* Exercise goal: Excluding any images, copy all of the lines below precisely as written.

* Information shown:
◆ ◆ ◆ ◆ ◆

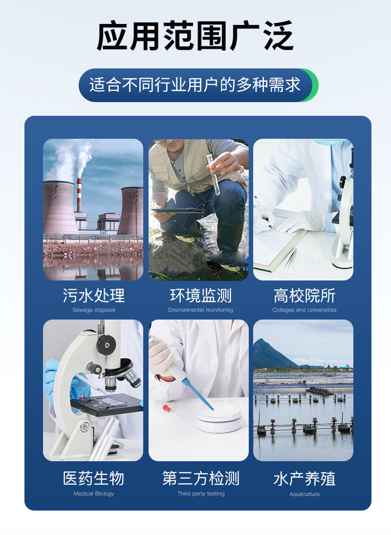適用于游泳場館、戶內外游泳池、水上樂園、溫泉浴池、純凈水廠、自來水廠、生活污水處理廠、工業(yè)污水、水產養(yǎng)殖、河流監(jiān)測、水源保護、生產監(jiān)測、科研實驗等。
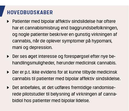 Bipolar affektiv sindslidelse (BAS) er en alvorlig, episodisk sygdom med en ofte nedsat psykosocial funktion, nedsat arbejdsevne og øget komorbiditet. Specielt ses der misbrug af alkohol (42%) og euforiserende stoffer, hyppigst cannabis (20%) [1]. Den anbefalede medicinske behandling af BAS er stemningsstabiliserende lægemidler, hvor lithium, quetiapin og lamotrigin er de hyppigst anvendte [2]. Det skønnes, at ca. en tredjedel af patienterne kun har delvis eller manglende virkning af den medicinske behandling [3]. F.eks. har lithium, trods en god effekt, et snævert terapeutisk indeks og en række bivirkninger, så op til 50% af de patienter, der er i lithiumbehandling, afslutter behandlingen inden for et halvt år [4]. Således er der brug for flere behandlingsmuligheder, og blandt disse spørger patienter og deres pårørende, om medicinsk cannabis er en mulighed.
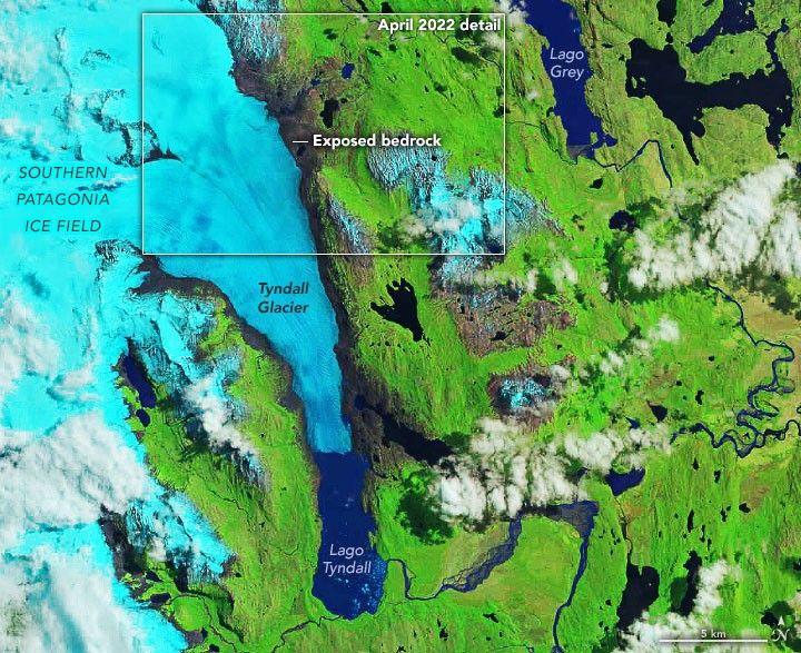 The pair of satellite images at the top of this page shows the glacier’s edge on January 14, 1986, and on January 17, 2022. The images were acquired by the Thematic Mapper on Landsat 5, and by the Operational Land Imager (OLI) on Landsat 8, respectively. The false-color allows a better color match between the two images that were collected by different sensors.
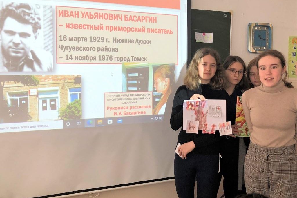 Старшеклассники, которые уже несколько лет занимаются по программе «Басаргинская строка», подготовили сообщения о творчестве писателя, его сложном жизненном пути, отметили, что некоторые факты биографии встречаются на страницах его рассказов и новелл. Обратили внимание на то, что язык Басаргина редкий, своеобразный, достался ему в наследие от предков – потомственных тайгарей, отличается авторской индивидуальностью, индивидуальным стилем. И.У. Басаргин родился в маленьком таежном селении, и картины «милой таежной родины» дороже и ближе которой для него не было, он рисует во многих произведениях. Крупные произведения автора (романы «В горах Тигровых», «Дикие пчелы», «Распутье») повествуют о жизни нескольких прошедших поколений; повести, рассказы и очерки (например, «Репортаж из тайги», «Акимыч – таежный человек») – тревожат души читателей, передают человеческую, гражданскую боль за тайгу, за уничтожение ее человеком.

◆ ◆ ◆ ◆ ◆

* Problem solution:
適用于游泳場館、戶內外游泳池、水上樂園、溫泉浴池、純凈水廠、自來水廠、生活污水處理廠、工業(yè)污水、水產養(yǎng)殖、河流監(jiān)測、水源保護、生產監(jiān)測、科研實驗等。
 Bipolar affektiv sindslidelse (BAS) er en alvorlig, episodisk sygdom med en ofte nedsat psykosocial funktion, nedsat arbejdsevne og øget komorbiditet. Specielt ses der misbrug af alkohol (42%) og euforiserende stoffer, hyppigst cannabis (20%) [1]. Den anbefalede medicinske behandling af BAS er stemningsstabiliserende lægemidler, hvor lithium, quetiapin og lamotrigin er de hyppigst anvendte [2]. Det skønnes, at ca. en tredjedel af patienterne kun har delvis eller manglende virkning af den medicinske behandling [3]. F.eks. har lithium, trods en god effekt, et snævert terapeutisk indeks og en række bivirkninger, så op til 50% af de patienter, der er i lithiumbehandling, afslutter behandlingen inden for et halvt år [4]. Således er der brug for flere behandlingsmuligheder, og blandt disse spørger patienter og deres pårørende, om medicinsk cannabis er en mulighed.
 The pair of satellite images at the top of this page shows the glacier’s edge on January 14, 1986, and on January 17, 2022. The images were acquired by the Thematic Mapper on Landsat 5, and by the Operational Land Imager (OLI) on Landsat 8, respectively. The false-color allows a better color match between the two images that were collected by different sensors.
 Старшеклассники, которые уже несколько лет занимаются по программе «Басаргинская строка», подготовили сообщения о творчестве писателя, его сложном жизненном пути, отметили, что некоторые факты биографии встречаются на страницах его рассказов и новелл. Обратили внимание на то, что язык Басаргина редкий, своеобразный, достался ему в наследие от предков – потомственных тайгарей, отличается авторской индивидуальностью, индивидуальным стилем. И.У. Басаргин родился в маленьком таежном селении, и картины «милой таежной родины» дороже и ближе которой для него не было, он рисует во многих произведениях. Крупные произведения автора (романы «В горах Тигровых», «Дикие пчелы», «Распутье») повествуют о жизни нескольких прошедших поколений; повести, рассказы и очерки (например, «Репортаж из тайги», «Акимыч – таежный человек») – тревожат души читателей, передают человеческую, гражданскую боль за тайгу, за уничтожение ее человеком.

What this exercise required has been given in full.